LDraw.org Discussion Forums

Full Version: Memory issues in C++
You're currently viewing a stripped down version of our content. View the full version with proper formatting.
Pages: 1 2
I was reading about the LDView bugs and spotted this statement.

Travis Cobbs Wrote:Also, no matter how much memory you have, LDView is a 32-bit app, so it will crash if it ever needs more than 2GB (or perhaps 3GB, but I don't think so).

I've been wondering why some code I'd written kept crashing and throwing std::bad_alloc and it's very likely to be this.

So... do any of the C++ gurus around here know how to bypass the problem in general? I've got some numerical code that needs to store and manipulate massive matrices and to run on 32bit systems as well as 64bit.

Tim

PS. Helping the forum live up to its C++ query predictions Wink
First of all, if you haven't already, do a Google search for "out of core solver". That's the name of the class of general solutions to your problem.

Having said that, you may be able to give yourself a little breathing room if you're only a little bit too big. In Windows, there is a setting you can set in your app that bumps the maximum from 2GB up to 3GB, as long as the OS itself is configured to allow for that. In Microsoft VC++, the command line option is /LARGEADDRESSAWARE, and is in the System section of the Linker Project options in the IDE. My understanding is that an app compiled with this option run on a 32-bit system gets 3GB max, and run on a 64-bit system gets 4GB max, while without this option, 2GB is the max.

Note that there is another problem with 32-bit apps, which is that they also have a 32-bit address space. This means that memory fragmentation inside the app can also have a big impact, because in order to allocate a single array that is 250MB in size, your app needs 250GB of contiguous space inside its address space. If you perform a lot of allocations and deallocations of big things, you'll quickly get to a position where even though the app isn't using anywhere close to 2GB (or 3GB if the option is set), a large memory allocation will still fail. You can mitigate this problem to some degree by allocating your large arrays up front and never deallocating them, but instead reusing them.
If you really need more that 2GB (most software doesn't, but programmers seem to get more and more lazy these days Smile ) ...

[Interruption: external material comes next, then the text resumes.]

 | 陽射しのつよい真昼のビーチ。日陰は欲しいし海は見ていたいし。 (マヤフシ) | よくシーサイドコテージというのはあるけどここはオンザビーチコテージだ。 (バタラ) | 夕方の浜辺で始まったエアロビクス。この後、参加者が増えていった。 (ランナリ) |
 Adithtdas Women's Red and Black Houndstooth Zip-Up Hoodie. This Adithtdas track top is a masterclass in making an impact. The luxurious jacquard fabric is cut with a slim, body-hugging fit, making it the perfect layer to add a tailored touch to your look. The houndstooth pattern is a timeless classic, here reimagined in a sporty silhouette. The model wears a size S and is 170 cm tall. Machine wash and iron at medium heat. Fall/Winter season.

The obvious solution would be to develop for 64bit os's only.

An alternative would be using some kind of swap file, although this will needs decent management classes and could be extremely slow if done inefficient (I'm having EMS back flashes here Smile ).

Something else I have been thinking of but never really tried is using multiple program instances. Because if the system runs a 64bit os every 32bit process has it's OWN 2GB limit. So using multiple instances would give you 'n' times 2GB. This approach would need a sophisticated way of communicating between processes and dividing the data.

my 2cts
Travis Cobbs Wrote:First of all, if you haven't already, do a Google search for "out of core solver". That's the name of the class of general solutions to your problem.

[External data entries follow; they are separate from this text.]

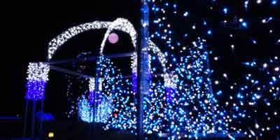 真珠の輝きをモチーフとした「月の雫の光のゲート」「海ほたるをイメージしたオブジェ」「波のオブジェ」などがあり木にもイルミネーションが輝いています。夜の海にマッチしたブルーを基調とした涼しげな光です。
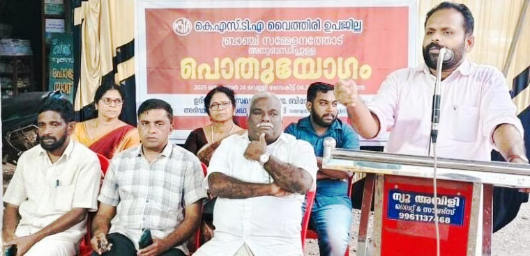 വൈത്തിരി: കേരള സ്റ്റേറ്റ് സ്കൂള് ടീച്ചേഴ്സ് അസോസിയേഷന് (കെഎസ്ടിഎ) ബ്രാഞ്ച് സമ്മേളനത്തിന്റെ ഭാഗമായി ടൗണില് പൊതുയോഗം നടത്തി. സംസ്ഥാന സെക്രട്ടറി പി.ജെ. ബിനേഷ് ഉദ്ഘാടനം ചെയ്തു. പികെഎസ് ജില്ലാ വൈസ് പ്രസിഡന്റ് എസ്. ചിത്രകുമാര് അധ്യക്ഷത വഹിച്ചു. പി.കെ. അസീസ്, വിശാല, ശാന്തി, എത്സി ജോര്ജ്, എം. രമേഷ്, കെ.പി. രാമചന്ദ്രന് എന്നിവര് പ്രസംഗിച്ചു. കെഎസ്ടിഎ ജില്ലാ കമ്മിറ്റി അംഗം ടി.കെ. അബ്ബാസ് സ്വാഗതവും ഉപജില്ലാ ട്രഷറര് ശരത്ത് റാം നന്ദിയും പറഞ്ഞു.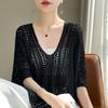 Spring/Summer V-Neck Loose Knit Cardigan with Sun Protection.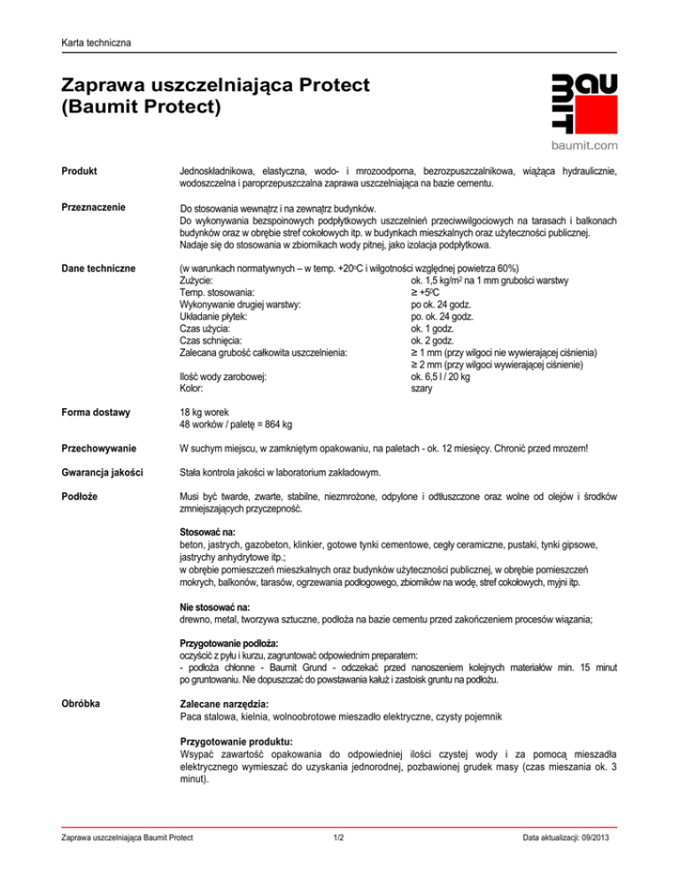 Karta techniczna Zaprawa uszczelniająca Protect (Baumit Protect) Produkt Jednoskładnikowa, elastyczna, wodo- i mrozoodporna, bezrozpuszczalnikowa, wiążąca hydraulicznie, wodoszczelna i paroprzepuszczalna zaprawa uszczelniająca na bazie cementu. Przeznaczenie Do stosowania wewnątrz i na zewnątrz budynków. Do wykonywania bezspoinowych podpłytkowych uszczelnień przeciwwilgociowych na tarasach i balkonach budynków oraz w obrębie stref cokołowych itp. w budynkach mieszkalnych oraz użyteczności publicznej. Nadaje się do stosowania w zbiornikach wody pitnej, jako izolacja podpłytkowa. Dane techniczne (w warunkach normatywnych – w temp. +20oC i wilgotności względnej powietrza 60%) Zużycie: ok. 1,5 kg/m2 na 1 mm grubości warstwy Temp. stosowania: ≥ +50C Wykonywanie drugiej warstwy: po ok. 24 godz. Układanie płytek: po. ok. 24 godz. Czas użycia: ok. 1 godz. Czas schnięcia: ok. 2 godz. Zalecana grubość całkowita uszczelnienia: ≥ 1 mm (przy wilgoci nie wywierającej ciśnienia) ≥ 2 mm (przy wilgoci wywierającej ciśnienie) Ilość wody zarobowej: ok. 6,5 l / 20 kg Kolor: szary Forma dostawy 18 kg worek 48 worków / paletę = 864 kg Przechowywanie W suchym miejscu, w zamkniętym opakowaniu, na paletach - ok. 12 miesięcy. Chronić przed mrozem! Gwarancja jakości Stała kontrola jakości w laboratorium zakładowym. Podłoże Musi być twarde, zwarte, stabilne, niezmrożone, odpylone i odtłuszczone oraz wolne od olejów i środków zmniejszających przyczepność. Stosować na: beton, jastrych, gazobeton, klinkier, gotowe tynki cementowe, cegły ceramiczne, pustaki, tynki gipsowe, jastrychy anhydrytowe itp.; w obrębie pomieszczeń mieszkalnych oraz budynków użyteczności publicznej, w obrębie pomieszczeń mokrych, balkonów, tarasów, ogrzewania podłogowego, zbiorników na wodę, stref cokołowych, myjni itp. Nie stosować na: drewno, metal, tworzywa sztuczne, podłoża na bazie cementu przed zakończeniem procesów wiązania; Przygotowanie podłoża: oczyścić z pyłu i kurzu, zagruntować odpowiednim preparatem: - podłoża chłonne - Baumit Grund - odczekać przed nanoszeniem kolejnych materiałów min. 15 minut po gruntowaniu. Nie dopuszczać do powstawania kałuż i zastoisk gruntu na podłożu. Obróbka Zalecane narzędzia: Paca stalowa, kielnia, wolnoobrotowe mieszadło elektryczne, czysty pojemnik Przygotowanie produktu: Wsypać zawartość opakowania do odpowiedniej ilości czystej wody i za pomocą mieszadła elektrycznego wymieszać do uzyskania jednorodnej, pozbawionej grudek masy (czas mieszania ok. 3 minut). Zaprawa uszczelniająca Baumit Protect 1/2 Data aktualizacji: 09/2013 Karta techniczna Stosowanie: Używając odpowiedniej pacy stalowej nanosić zaprawę na odpowiednio zagruntowane podłoże w ilości pozwalającej na uzyskanie pożądanej grubości warstwy (ok. 1 mm). W pierwszej kolejności należy zaprawę mocno wprasować w podłoże zębatą stroną pacy a następnie gładką stroną wyprowadzić właściwą grubość, do uzyskania gładkiej powierzchni izolacji. W narożnikach posadzka-ściana oraz ściana-ściana należy w pierwszą warstwę izolacji zatopić taśmę uszczelniającą, która zapobiega powstawaniu nieszczelności izolacji w przypadku przerwania ciągłości folii. Nie mieszać i nie dodawać żadnych innych materiałów. Drugą warstwę uszczelnienia nanosić po wyschnięciu pierwszej warstwy. Nie dodawać wody do wiążącego materiału celem przedłużenia czasu użycia. Nie stosować materiału po przekroczeniu czasu użycia. Wykończenie: Przez ok. 8 godzin chronić powierzchnię izolacji przed obciążeniami mechanicznymi i termicznymi. BHP Wszelkie informacje dotyczące specyficznych właściwości produktu, jego składu, sposobu posługiwania się oraz czyszczenia i usuwania odpadów znajdują się w karcie bezpieczeństwa. Uwagi Przestrzegać norm, wytycznych i innych informacji technicznych dotyczących podłoża i okładzin. Nie stosować w temperaturze poniżej + 5°C, w deszczu, przy bezpośrednim nasłonecznieniu, silnym wietrze lub przeciągach. Chronić do czasu pełnego związania. Wysoka wilgotność powietrza i niskie temperatury wydłużają przewidziany czas wiązania, wysokie temperatury skracają czas wiązania i utwardzania! Nie dodawać żadnych innych materiałów! Nie moczyć podłoża. Nasze zalecenia w zakresie stosowanych technik, przekazywane słowem i pismem w celu wsparcia nabywcy (użytkownika) opracowane w oparciu o nasze doświadczenia i aktualny stan wiedzy są niewiążące i nie uzasadniają prawnego stosunku umownego oraz żadnych zobowiązań ubocznych z tytułu umowy kupna (sprzedaży). Nie zwalniają one nabywcy od sprawdzenia na własną odpowiedzialność przydatności naszych produktów do przewidzianego zastosowania. Należy przestrzegać ogólnych zasad techniki budowlanej. Zastrzegamy sobie możliwość zmian, które służą technicznemu postępowi i ulepszeniu produktu lub jego zastosowaniu. Wraz z ukazaniem się niniejszej informacji technicznej wcześniejsze jej wersje tracą ważność. Najbardziej aktualne informacje znajdziecie Państwo na naszych stronach internetowych. Poza tym obowiązują nasze "Ogólne warunki umów" znajdujące się w katalogach produktów. Nasza gęsta sieć przedstawicielstw gwarantuje szybkie doradztwo i dostawy. Dodatkowych informacji prosimy zasięgnąć u najbliższego przedstawiciela regionalnego. Zaprawa uszczelniająca Baumit Protect 2/2 Data aktualizacji: 09/2013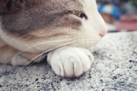 Close-up photo of cats paw, white cat’s paw stepped on a stone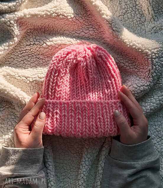 krótka czapka beanie handmade z pomponem jasnoróżowa, wykonana na drutach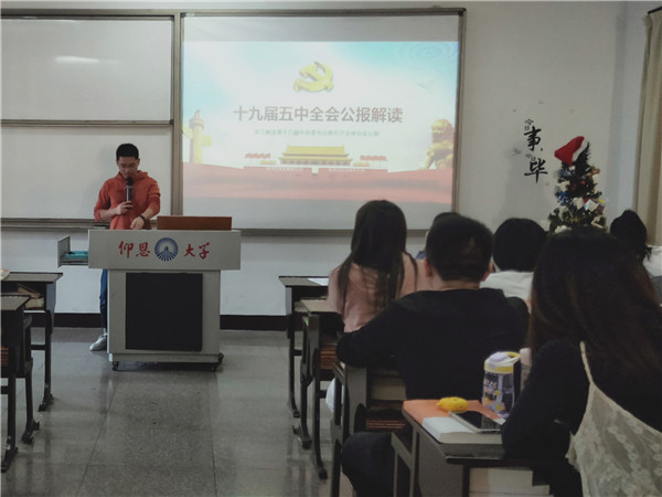 11月16日下午,m豆传媒星空无限学生党支部于仰恩大学第三校区普照楼302开展《中国共产党第十九届中央委员会第五次全体会议公报》专题学习会,会议由支部书记陈国伟主持,支部全体学生党员参加本次活动。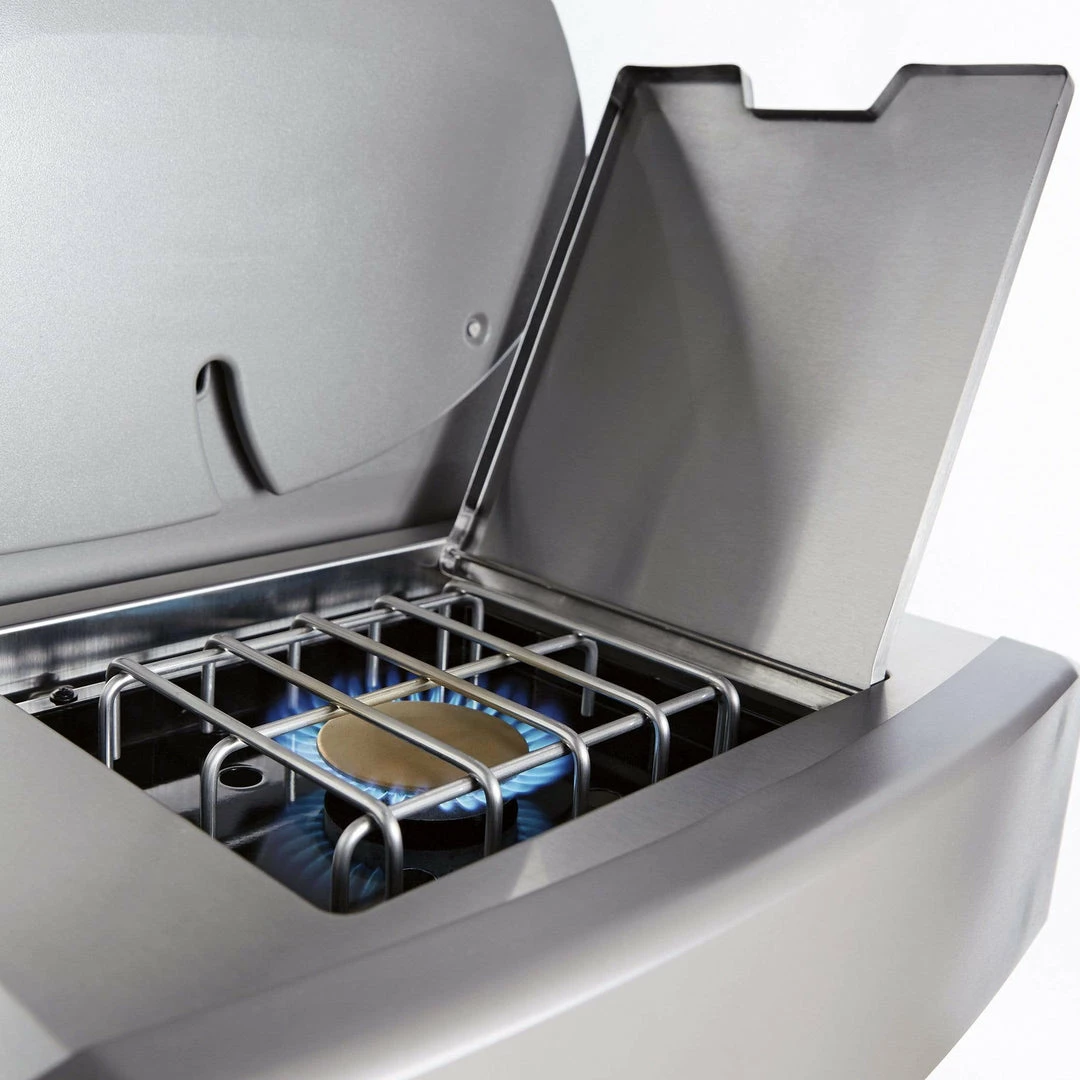 This grill features an enclosed cabinet with two steel doors that has always stayed timeless to the Weber Genesis. Also comes with a 12,000 BTU side burner and a 9,000 BTU sear station, making it an all-in-one backyard cooking system!

Excellent thanks. Always very helpful to have a proper name for the problem/solution.

Travis Cobbs Wrote:Having said that, you may be able to give yourself a little breathing room if you're only a little bit too big. In Windows, there is a setting you can set in your app that bumps the maximum from 2GB up to 3GB, as long as the OS itself is configured to allow for that. In Microsoft VC++, the command line option is /LARGEADDRESSAWARE, and is in the System section of the Linker Project options in the IDE. My understanding is that an app compiled with this option run on a 32-bit system gets 3GB max, and run on a 64-bit system gets 4GB max, while without this option, 2GB is the max.

Note that there is another problem with 32-bit apps, which is that they also have a 32-bit address space. This means that memory fragmentation inside the app can also have a big impact, because in order to allocate a single array that is 250MB in size, your app needs 250GB of contiguous space inside its address space. If you perform a lot of allocations and deallocations of big things, you'll quickly get to a position where even though the app isn't using anywhere close to 2GB (or 3GB if the option is set), a large memory allocation will still fail. You can mitigate this problem to some degree by allocating your large arrays up front and never deallocating them, but instead reusing them.

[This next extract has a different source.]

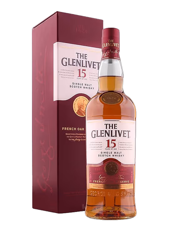 Sortimentul aduce laolalta energia peisajelor scotiene si bogatia fructelor de livada. Glenlivet 15 ani este un single malt distins, usor de baut si de apreciat. Pastreaza elementele clasice apreciate de amatorii de lucruri fine: consistenta, textura catifelata, gust bogat, parfum intens.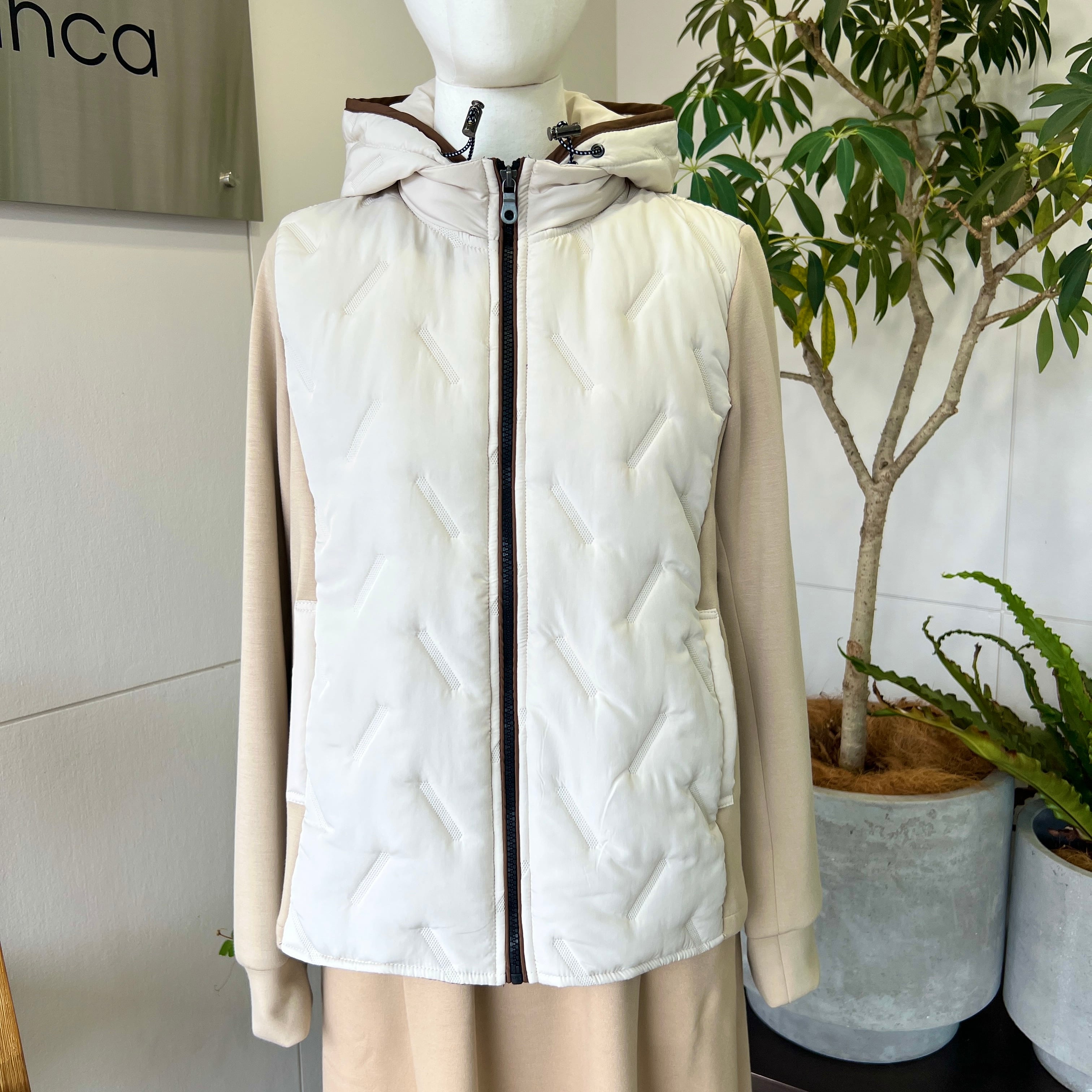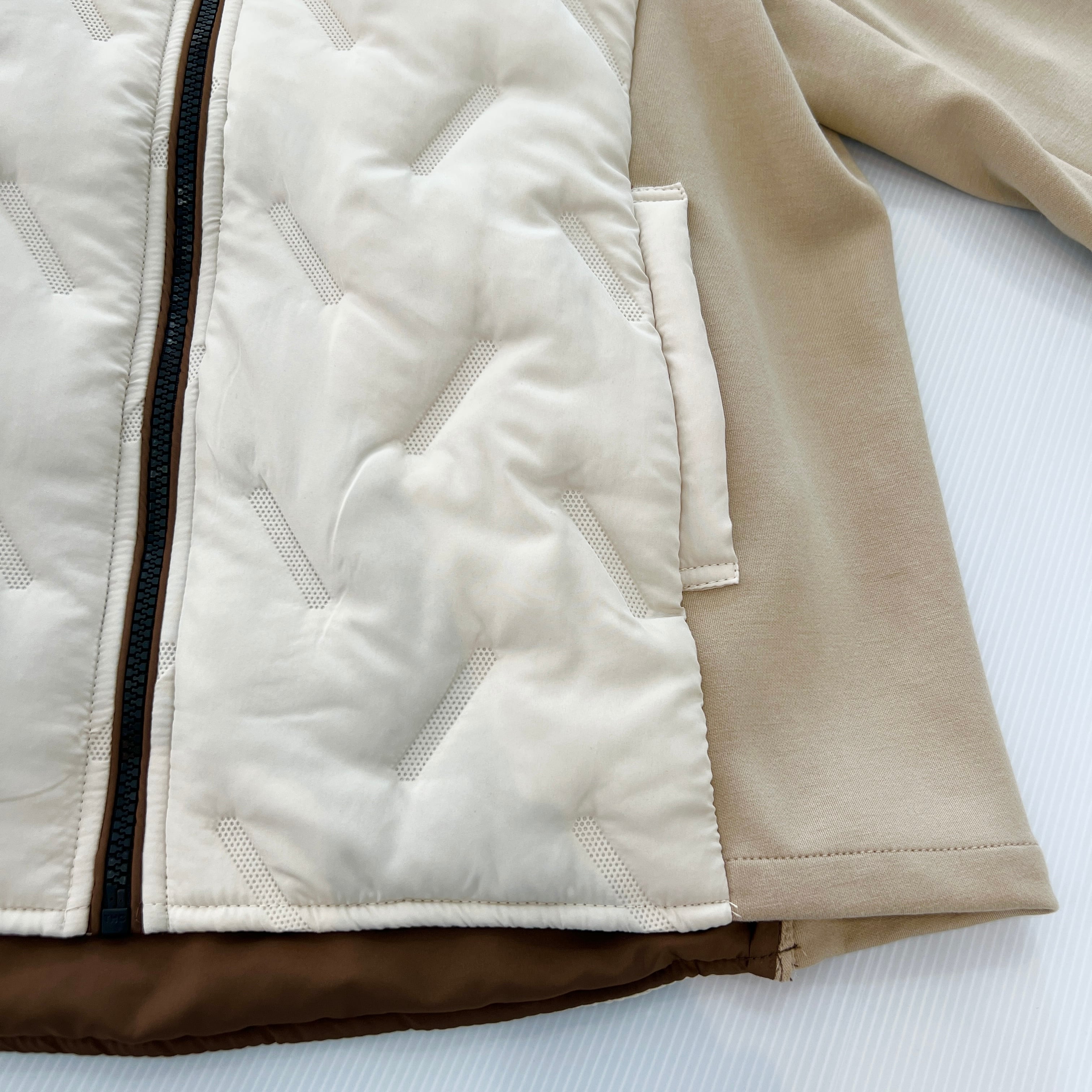 ・中綿入りの素材とポンチ素材のドッキングがお洒落なジップブルゾンです。

Hmmm. It's actually a linux program right now using GCC although I'm hoping it can be made portable so I'll keep that in mind (why I didn't mention specifics in my first post). I do a lot of allocating and deallocating of small arrays before I need the large array so allocating the large arrays up front may be a good way around it.

Thanks heaps for your help. I won't get a chance to try it for a week or so but I'll report on solutions when I do.

Tim
Roland Melkert Wrote:If you really need more that 2GB (most software doesn't, but programmers seem to get more and more lazy these days Smile ) ...

The obvious solution would be to develop for 64bit os's only.

An alternative would be using some kind of swap file, although this will needs decent management classes and could be extremely slow if done inefficient (I'm having EMS back flashes here Smile ).

Something else I have been thinking of but never really tried is using multiple program instances. Because if the system runs a 64bit os every 32bit process has it's OWN 2GB limit. So using multiple instances would give you 'n' times 2GB. This approach would need a sophisticated way of communicating between processes and dividing the data.

my 2cts

Hi Roland,

Yes I really do need that much. I'm writing physics code (true computation!) so I need 3x3 tensors of 3D representations of complex values. Which means (3N^3)^2 elements where N is largish.

With the current code I can save myself 1 (somewhat easily) or 2 (not as easily) very large arrays but that just gains me a small increase in N.

The idea of parallelising/forking is interesting. If I can find a parrallellisable eigendecomposition routine it might be a good solution in general.

And yeah... swap files... sloooooow access, annoying to deal with... but may have to be the solution Sad

Thanks,

Tim
If you're trying to solve 10,000 equations with 10,000 unknowns, then one single instance of the 10,000x10,000 matrix uses 800MB (or 400MB if you use single-precision floating point). And, while out of core solvers can deal with the problem by not keeping everything in memory, they are a fair bit slower than in core solvers which simply load up the matrices and have at it, since they keep scratch files on the hard disk to keep track of all the data they don't have in memory.

So, any time a problem requires "massive matrices" (Tim's words) to solve, they're far simpler (and faster) to solve if the matrices themselve can be wholely loaded into RAM.
Yes exactly. In fact they're complex double to make matters x2 worse. Presently I crash out when I hit 2500x2500 although I'm sure I can get this higher by culling some waste and using some matrix relationships.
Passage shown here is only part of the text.